Abstract
Background
The District Health Information Software 2 (DHIS2) is widely used by countries for national-level aggregate reporting of health data. To best leverage DHIS2 data for decision-making, countries need to ensure that data within their systems are of the highest quality. Comprehensive, systematic and transparent data cleaning approaches form a core component of preparing DHIS2 data for use. Unfortunately, there is paucity of exhaustive and systematic descriptions of data cleaning processes employed on DHIS2-based data. In this paper, we describe results of systematic data cleaning approach applied on a national-level DHIS2 instance, using Kenya as the case example.
Methods
Broeck et al’s framework, involving repeated cycles of a three-phase process (data screening, data diagnosis and data treatment), was employed on six HIV indicator reports collected monthly from all care facilities in Kenya from 2011 to 2018. This resulted to repeated facility reporting instances. Quality dimensions evaluated included reporting rate, reporting timeliness, and indicator completeness of submitted reports each done per facility per year.
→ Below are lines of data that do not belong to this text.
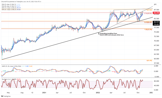 تجزیه و تحلیل فنی نرخ NZD/JPY: نمودار روزانه (مارس 2020 تا نوامبر 2022) (نمودار 1)
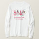Vier skurrile, festliche Gnome hängen zusammen und genießen die Schneeflocken. Im Text steht "Chillin' mit meinen Gnomen".
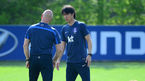 [OSEN=파주, 민경훈 기자] 21일 오후 경기도 파주시 파주 NFC(대표팀 트레이닝센터)에서 브라질 월드컵에서 사상 첫 원정 8강에 도전하는 축구 국가대표팀이 훈련을 할때 홍명보 감독이 안톤 두 샤트니에 코치와 얘기를 나누고 있
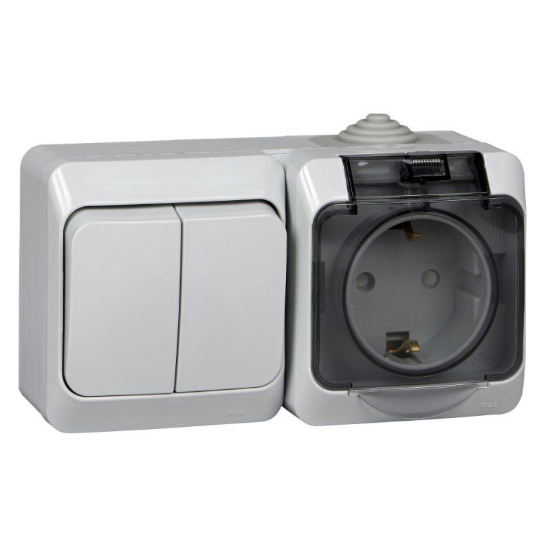 Блок ЭТЮД (серый, открытой установки) предназначен для применения в сетях до 250В, состоит из розетки на 16А, со шторками, без заземления и двухклавишного выключателя на 10А Две клавиши позволяют управлять двумя источниками света с одной точки. Он удобен в применении и отлично подходит для ванной комнаты (IP44). Сделано в России.
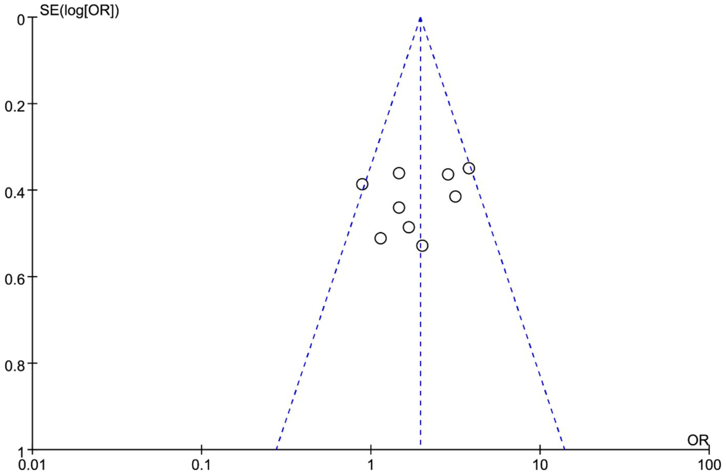 ![Forest plot showing odds ratios comparing experimental and control groups across nine studies. Each study's odds ratio is represented by a square, with horizontal lines indicating the 95% confidence intervals. The overall effect is summarized at the bottom with a diamond. The x-axis is logarithmic, ranging from 0.01 to 100. Total events were 431 in the experimental group and 334 in the control group. The overall odds ratio is 4.00 with a 95% confidence interval of [2.72, 5.88], indicating statistical significance.](https://www.frontiersin.org/files/Articles/1702512/xml-images/fmed-12-1702512-g003.webp)
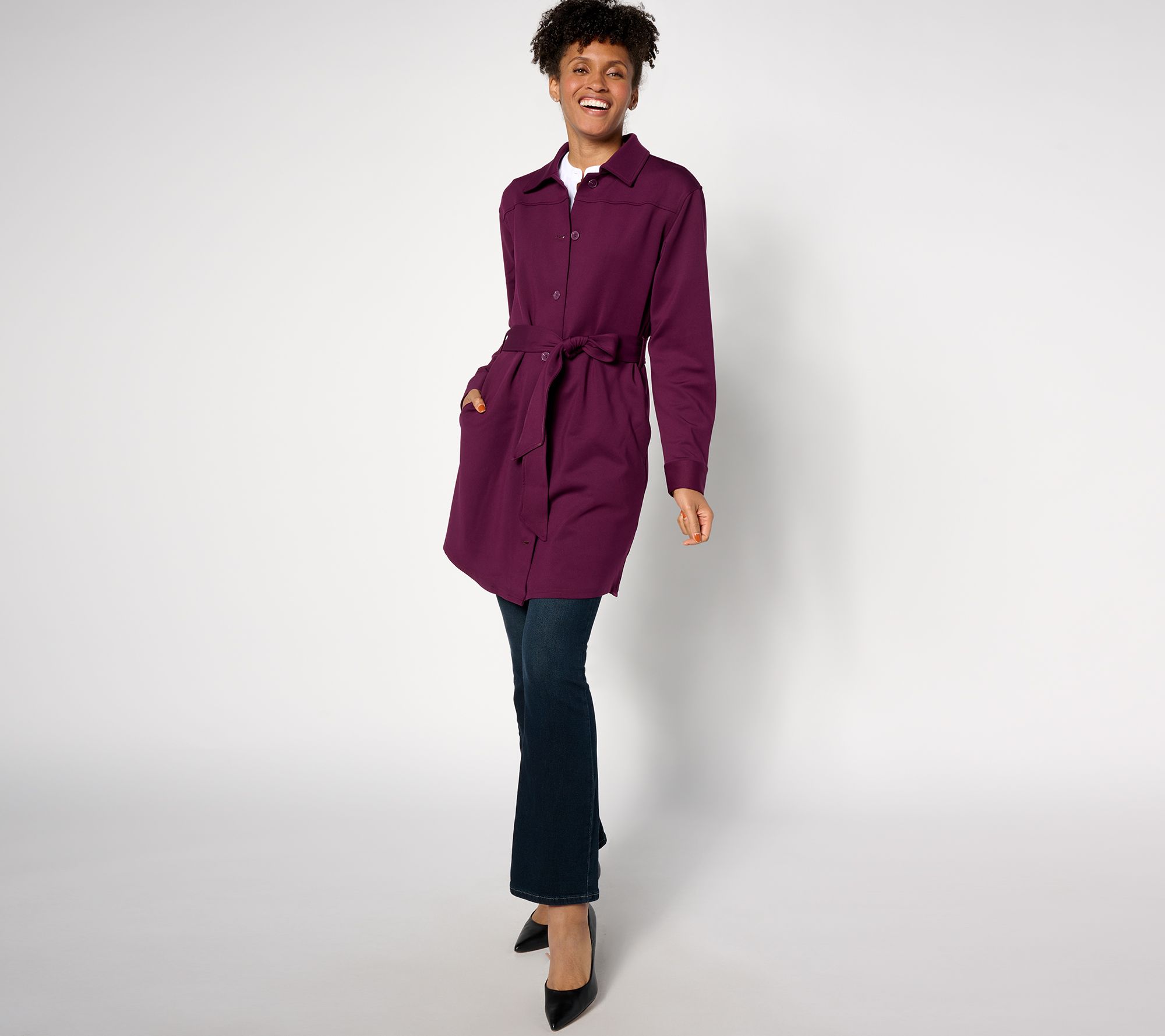 Dressing in layers? Who knew it could look so refined? Lawrence Zarian did! He thoughtfully structured this button-front jacket in sturdy ponte knit, to take the leggings, trousers, and tops you already own (and a few new pieces) to the next level of pulled together. From BEAUTIFUL by Lawrence Zarian.
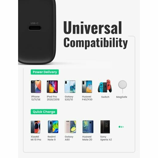 Зарядное устройство UGREEN CD137 Fast Charging Power Adapter With PD 20W EU
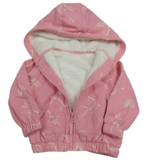 Ružová prepínaci zateplená mikina s jednorožcami a duhami a kapucňou Nutmeg
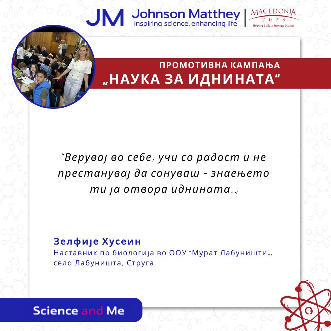 Во рамки на кампањата “Наука за иднината„, реализирана со поддршка на Џонсон Мети Програмата за влијание на заедницата, со големо задоволство ја споделуваме инспиративната приказна на Зелфије Хусеин, наставничка по природни науки и наставник-ментор во ООУ “Петар Здравковски Пенко„ од Скопје.
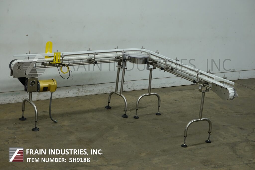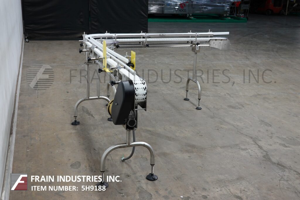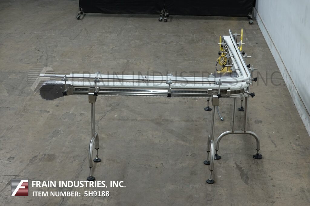 Autopak, 90° 3¼" wide x 156" long, stainless steel conveyor. Equipped with a 78" long infeed to 90° turn to a 78" long discharge with a 33" to 38" infeed / discharge height. Powered by a ½ hp drive.
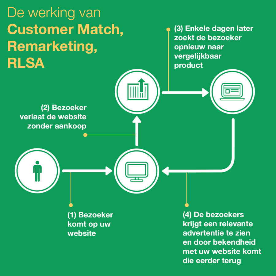 Met Customer Match is het mogelijk om bestaande klanten opnieuw te bereiken via zoekadvertenties op de Google zoekmachine. Dat gebeurt op basis van e-mail adres.
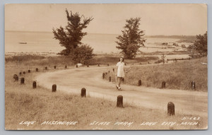 Postkarte RPPC Mädchen zu Fuß Lake Missaukee State Park Lake City Michigan 1940
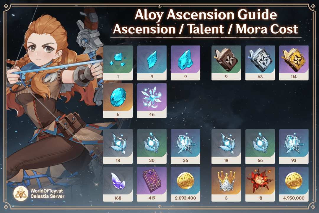 - Ganyu’s playstyle differences means she shares nothing in common with Aloy besides Element and weapon type.
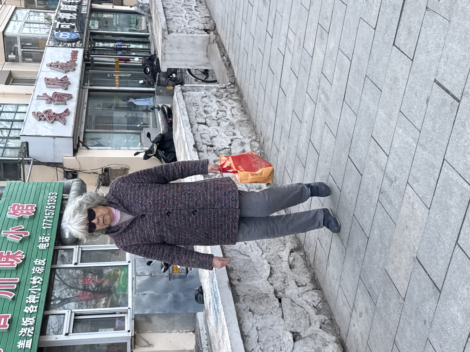 An elderly woman with gray hair, wearing sunglasses, a purple coat, gray pants, and dark sneakers, is walking on a gray-tiled sidewalk in Guta, China. She is carrying an orange and tan shopping bag in her right hand. To her left is a low, uneven stone wall, behind which is a building with storefronts. A green sign with Chinese writing on it, advertising "Various stir-fries, cold skin noodles," is visible. The phone number 17715751363 is also printed on the sign. Behind her, other shop signs and parked motorcycles are visible.

The various error types were categorized, and Friedman analyses of variance conducted to examine differences in distribution of facilities by error types. Data cleaning was done during the treatment phases.
Results
A generic five-step data cleaning sequence was developed and applied in cleaning HIV indicator data reports extracted from DHIS2. Initially, 93,179 facility reporting instances were extracted from year 2011 to 2018. 50.23% of these instances submitted no reports and were removed. Of the remaining reporting instances, there was over reporting in 0.03%. Quality issues related to timeliness included scenarios where reports were empty or had data but were never on time. Percentage of reporting instances in these scenarios varied by reporting type. Of submitted reports empty reports also varied by report type and ranged from 1.32–18.04%. Report quality varied significantly by facility distribution (p = 0.00) and report type.
Conclusions
The case instance of Kenya reveals significant data quality issues for HIV reported data that were not detected by the inbuilt error detection procedures within DHIS2. More robust and systematic data cleaning processes should be integrated to current DHIS2 implementations to ensure highest quality data.